An SEO audit focuses specifically on factors that affect search engine rankings - technical issues, on-page optimization, and backlinks. A website audit is broader and also covers things like conversion rate optimization, user experience, and content strategy. in practice, many people use the terms interchangeably, and a good audit covers both.

How do I prioritize fixes after a website audit?

Sort your findings into four categories: critical errors that need fixing immediately, high-impact improvements that'll move the needle, quick wins you can knock out fast, and long-term projects that need planning. Tackle them in that order. Don't let a list of 200 issues paralyze you - focus on the 10 things that'll have the biggest impact first.

What is an AI visibility score and why does it matter in 2026?

An AI visibility score measures how often and how prominently your content appears in AI-powered search results - tools like ChatGPT, Perplexity, and Google's AI Overviews. in 2026, a significant portion of search queries are answered by AI before a user ever clicks a link.

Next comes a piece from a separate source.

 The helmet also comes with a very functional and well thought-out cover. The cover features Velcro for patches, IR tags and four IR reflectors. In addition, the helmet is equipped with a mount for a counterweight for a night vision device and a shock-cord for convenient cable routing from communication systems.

If your content isn't showing up in those answers, you're invisible to a growing segment of searchers. Semly Pro tracks this for you automatically.

What are Core Web Vitals and do they still matter?

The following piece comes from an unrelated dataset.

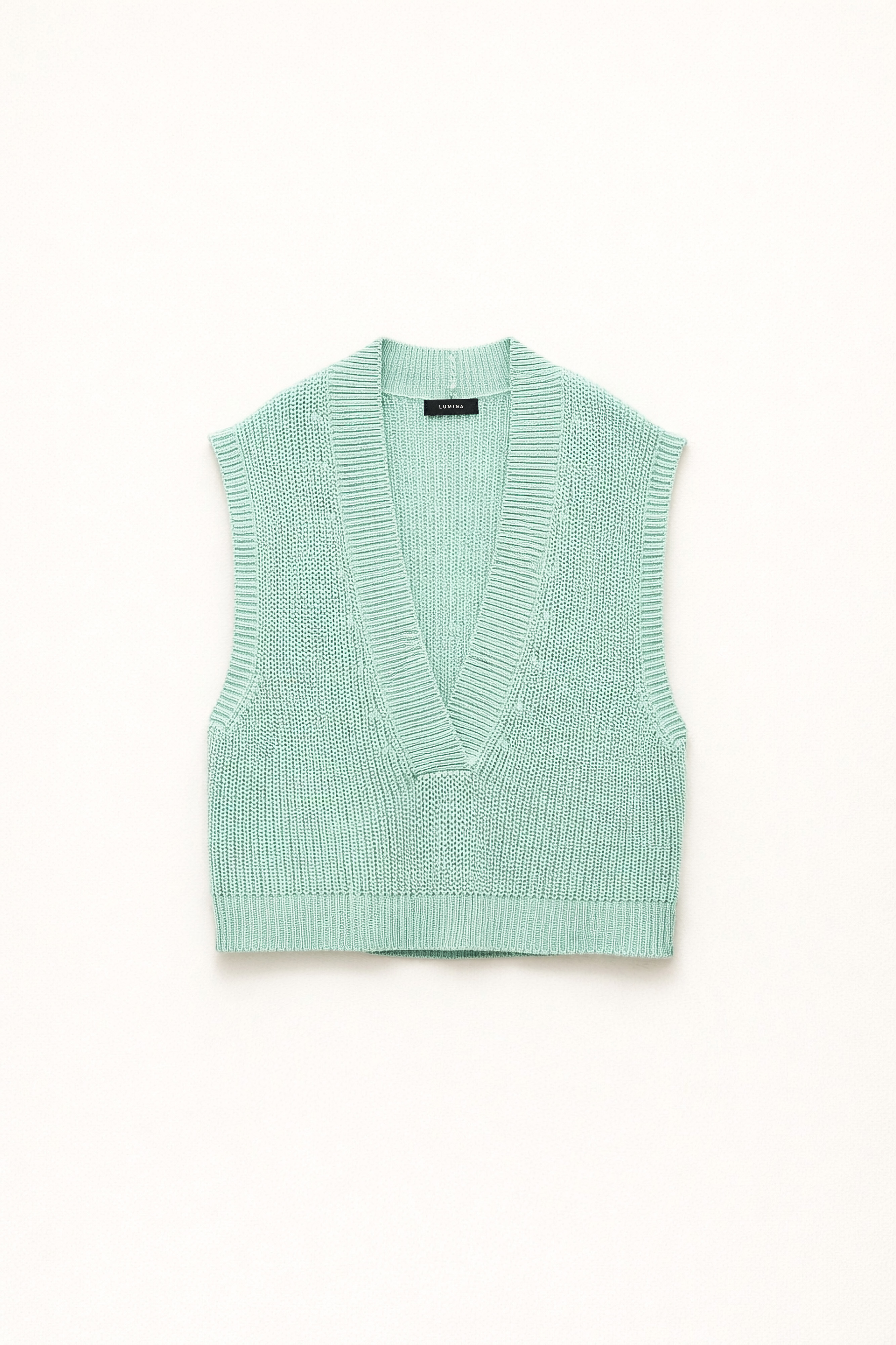 Knitted vest with "V" neckline.

Core Web Vitals are three metrics Google uses to measure user experience on your site: LCP (load speed of main content), INP (responsiveness to user input), and CLS (visual stability during load). They're still a confirmed ranking factor in 2026. Sites that fail these benchmarks will generally rank below sites that pass them, all else being equal. Check them in Google Search Console or PageSpeed Insights.

What's the first thing I should fix after a website audit?

Start with anything that's preventing Google from crawling or indexing your pages correctly. Crawl errors, noindex tags on pages that should be indexed, and broken redirects are the highest priority. If search engines can't find your pages, no amount of on-page optimization will help. Once your crawlability is solid, move to page speed and on-page SEO.

Can Semly Pro run a website audit for me?

Yes. On the Managed SEO plan at €469/mo, Semly Pro's team runs your site audits for you - weekly AI visibility tracking, citation monitoring, schema optimization, and a full monthly strategy and performance review call. It's a fully managed service, not just software access. If you'd rather do it yourself, the Pro plan at €139/mo and Business Pro plan at €229/mo give you the tools to run your own audits.

How do I know if my website audit is working?

Track your key metrics before you start making changes - organic traffic, rankings for target keywords, Core Web Vitals scores, CTR, and bounce rate. After implementing your fixes, compare these numbers at 30, 60, and 90 days. SEO changes don't always show results overnight, but you should see meaningful movement within two to three months if your fixes were on target. If you're not tracking baselines, you're essentially flying blind.